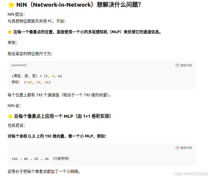 (1)NiN块使用卷积层+两个1x1卷积层,后者对每个像素增加了非线性;
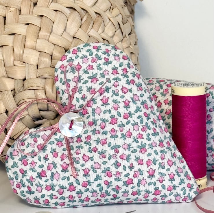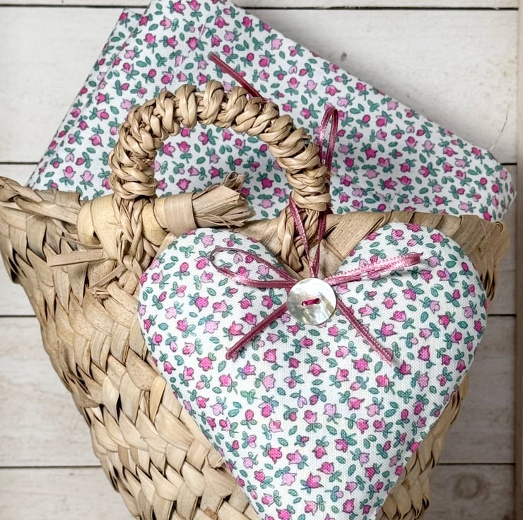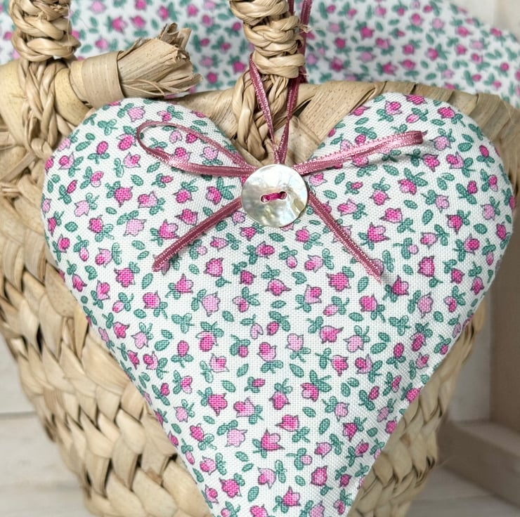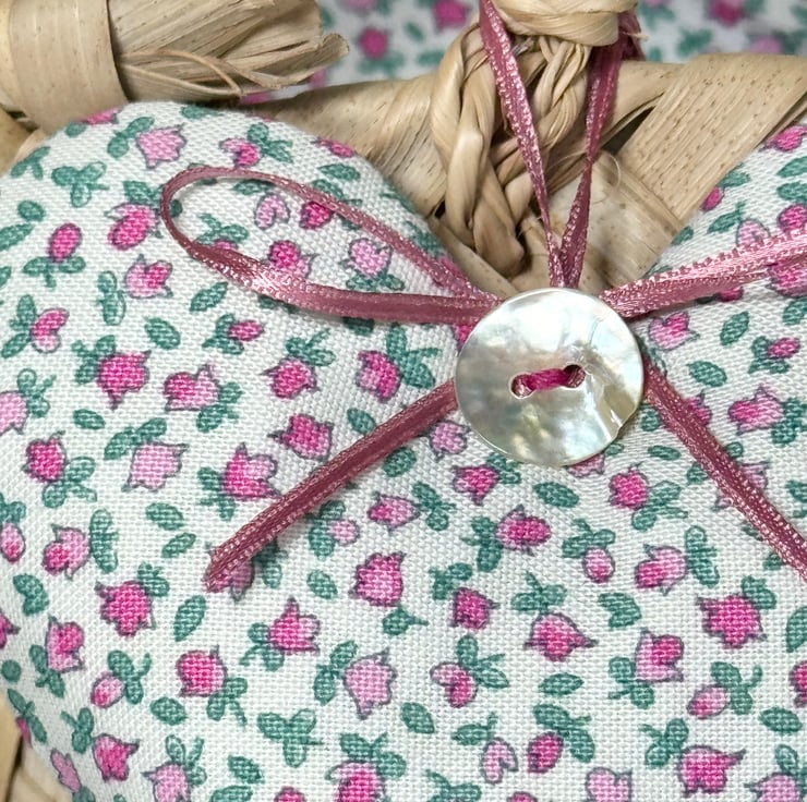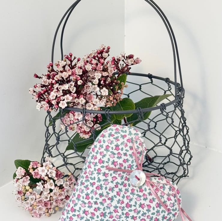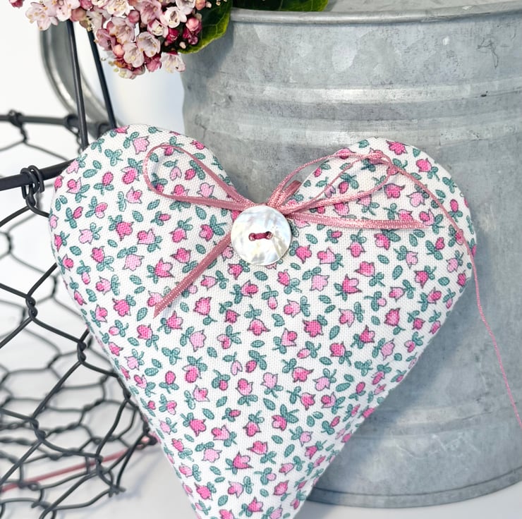 This exquisite fabric heart decoration is made in superb quality Liberty print heirloom Lasenby cotton and is generously filled with either fragrant Hampshire lavender or with hypoallergenic wool toy stuffing. Finished with a shimmery mother of pearl button and with delicate pink satin ribbon hanging ties and bow.
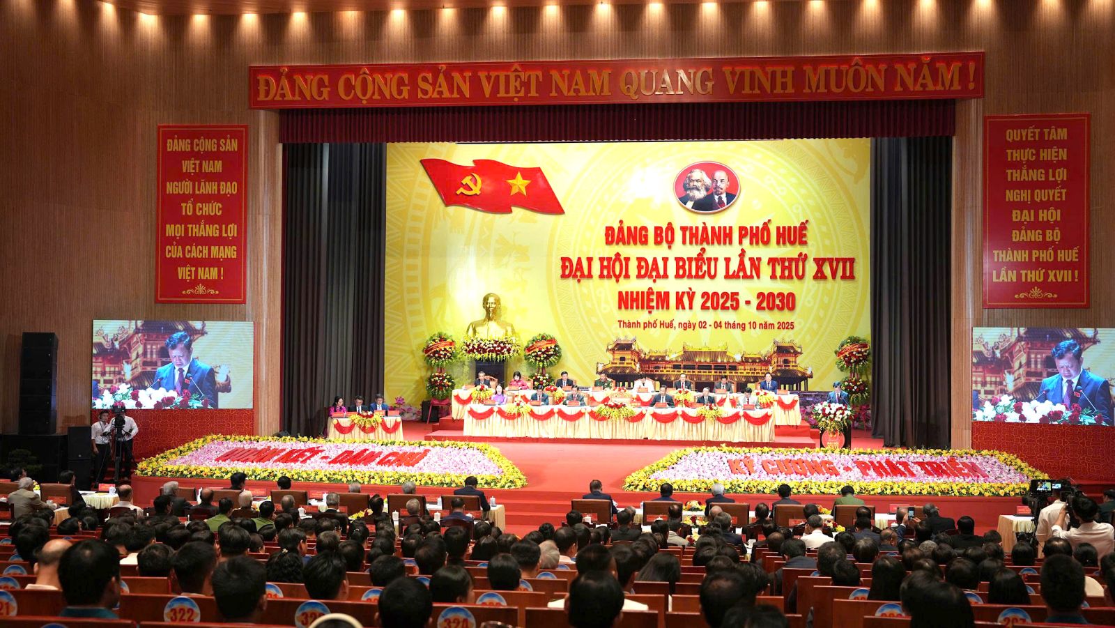 (ĐCSVN) - Sáng 3/10, tại Nhà hát Sông Hương, Đại hội đại biểu Đảng bộ thành phố Huế lần thứ XVII, nhiệm kỳ 2025 - 2030 khai mạc trọng thể. Đại tướng Lương Tam Quang, Ủy viên Bộ Chính trị, Bộ trưởng Bộ Công an dự và chỉ đạo Đại hội.
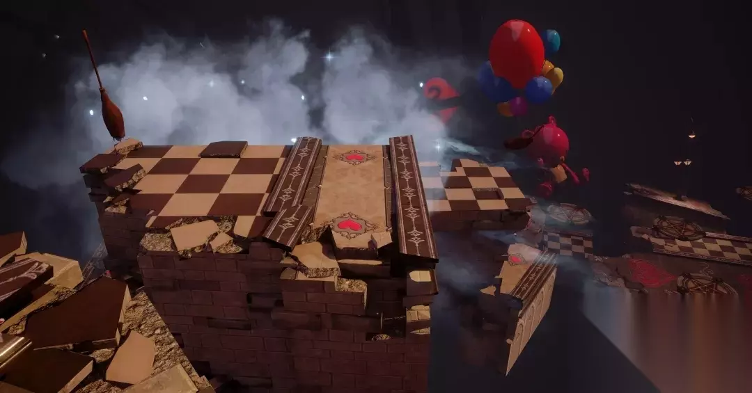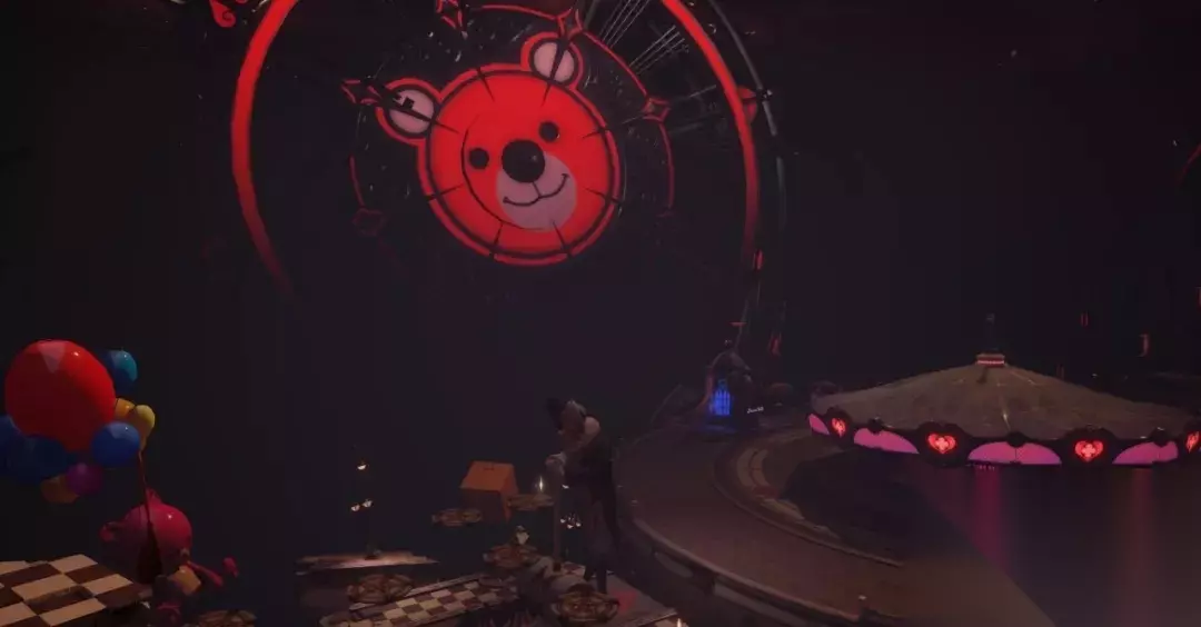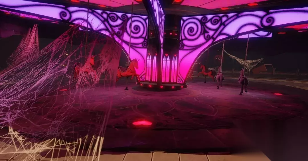 在跳跃的时候同学们要小心女巫的扫帚和拿着大摆锤的小丑。大家的一举一动都在他们的注视下,女巫的扫帚会定时施法,而当有人触碰到格子后,小丑会忽然给你来这么一下... 成功到达对岸,即可看到遍布蛛丝的旋转木马。等小队人员集齐后,一只体型庞大的蜘蛛女王会带着两个小丑女蹦到同学们的面前拦住去路。
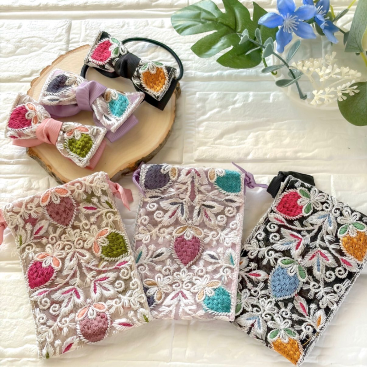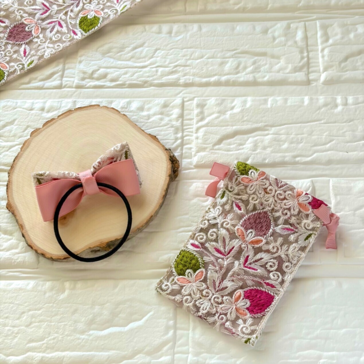 インド刺繍リボンのヘアゴムと巾着のセットです🩷
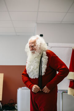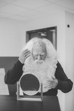 "Louis, nice to meet you" "You're going to take my picture today, right?" he asks with a big smile. At the sight of my camera, Victor decides to let me into his dressing room. "I'm going to give you a nice gift, you're going to see Santa change today." Like a kid, I start chatting with Victor while he gets dressed. "World Champion Santa Claus in Lapland in 2011! I'm not a Supermarket Santa, I'll tell you that." Like a little mouse, I document the scene. Victor combs his beard, shapes his smile in the mirror. He ends up taking his long red coat out of its bag, a magnificent jacket that he had custom-made and paid for in francs at the time. Dressed from head to toe, Victor repeats his text with me. "OH OH OH!", "How are you, my little one? ". He heads towards the main room of the restaurant. "Not an easy job".
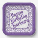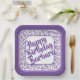 65th Birthday Random Number Pattern Purple/White Paper Plates
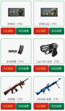 2016年12月23日-2017年1月2日,玩家可在CF限定道具0元购活动网站上领取7天武器,并获得该武器的续费优惠。
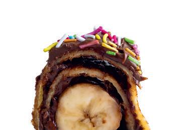2 Lägg gärna på lite mynta eller basilika som krydda och strössla över kokosflingor eller riven vit choklad som “ost”. Ringla på honung eller lime.
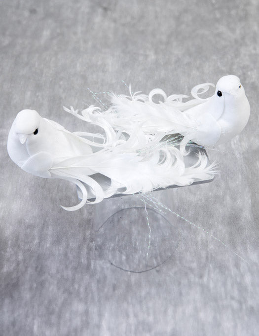 Ez a csomag 2 díszmadarat tartalmaz, amelyek poliészterből készültek. Mindegyik figura körülbelül 13 cm méretű, és tiszta fehér színű. Ezek a figurák selymes tollakkal, apró sötét szemekkel és sárga lábakkal rendelkeznek.
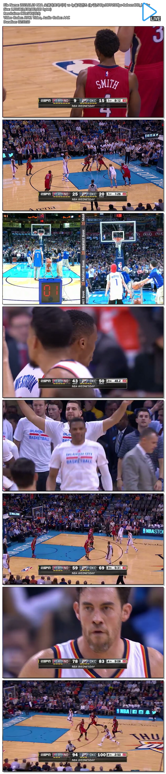 2015.11.19 NBA 오클라호마시티 vs 뉴올리언즈 (농구).540p.HDTV.30fps-Reborn4HD_h.mkv
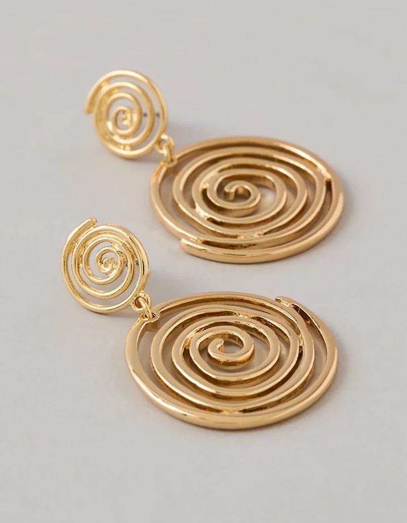 Une paire de boucles d’oreille tourbillon assumées.

### Aim of the task
Make an exact copy of all the material, but keep the pictures out of it.

### Problem solution
 (1)NiN块使用卷积层+两个1x1卷积层,后者对每个像素增加了非线性;
 This exquisite fabric heart decoration is made in superb quality Liberty print heirloom Lasenby cotton and is generously filled with either fragrant Hampshire lavender or with hypoallergenic wool toy stuffing. Finished with a shimmery mother of pearl button and with delicate pink satin ribbon hanging ties and bow.
 (ĐCSVN) - Sáng 3/10, tại Nhà hát Sông Hương, Đại hội đại biểu Đảng bộ thành phố Huế lần thứ XVII, nhiệm kỳ 2025 - 2030 khai mạc trọng thể. Đại tướng Lương Tam Quang, Ủy viên Bộ Chính trị, Bộ trưởng Bộ Công an dự và chỉ đạo Đại hội.
 在跳跃的时候同学们要小心女巫的扫帚和拿着大摆锤的小丑。大家的一举一动都在他们的注视下,女巫的扫帚会定时施法,而当有人触碰到格子后,小丑会忽然给你来这么一下... 成功到达对岸,即可看到遍布蛛丝的旋转木马。等小队人员集齐后,一只体型庞大的蜘蛛女王会带着两个小丑女蹦到同学们的面前拦住去路。
 インド刺繍リボンのヘアゴムと巾着のセットです🩷
 "Louis, nice to meet you" "You're going to take my picture today, right?" he asks with a big smile. At the sight of my camera, Victor decides to let me into his dressing room. "I'm going to give you a nice gift, you're going to see Santa change today." Like a kid, I start chatting with Victor while he gets dressed. "World Champion Santa Claus in Lapland in 2011! I'm not a Supermarket Santa, I'll tell you that." Like a little mouse, I document the scene. Victor combs his beard, shapes his smile in the mirror. He ends up taking his long red coat out of its bag, a magnificent jacket that he had custom-made and paid for in francs at the time. Dressed from head to toe, Victor repeats his text with me. "OH OH OH!", "How are you, my little one? ". He heads towards the main room of the restaurant. "Not an easy job".
 65th Birthday Random Number Pattern Purple/White Paper Plates
 2016年12月23日-2017年1月2日,玩家可在CF限定道具0元购活动网站上领取7天武器,并获得该武器的续费优惠。
2 Lägg gärna på lite mynta eller basilika som krydda och strössla över kokosflingor eller riven vit choklad som “ost”. Ringla på honung eller lime.
 Ez a csomag 2 díszmadarat tartalmaz, amelyek poliészterből készültek. Mindegyik figura körülbelül 13 cm méretű, és tiszta fehér színű. Ezek a figurák selymes tollakkal, apró sötét szemekkel és sárga lábakkal rendelkeznek.
 2015.11.19 NBA 오클라호마시티 vs 뉴올리언즈 (농구).540p.HDTV.30fps-Reborn4HD_h.mkv
 Une paire de boucles d’oreille tourbillon assumées.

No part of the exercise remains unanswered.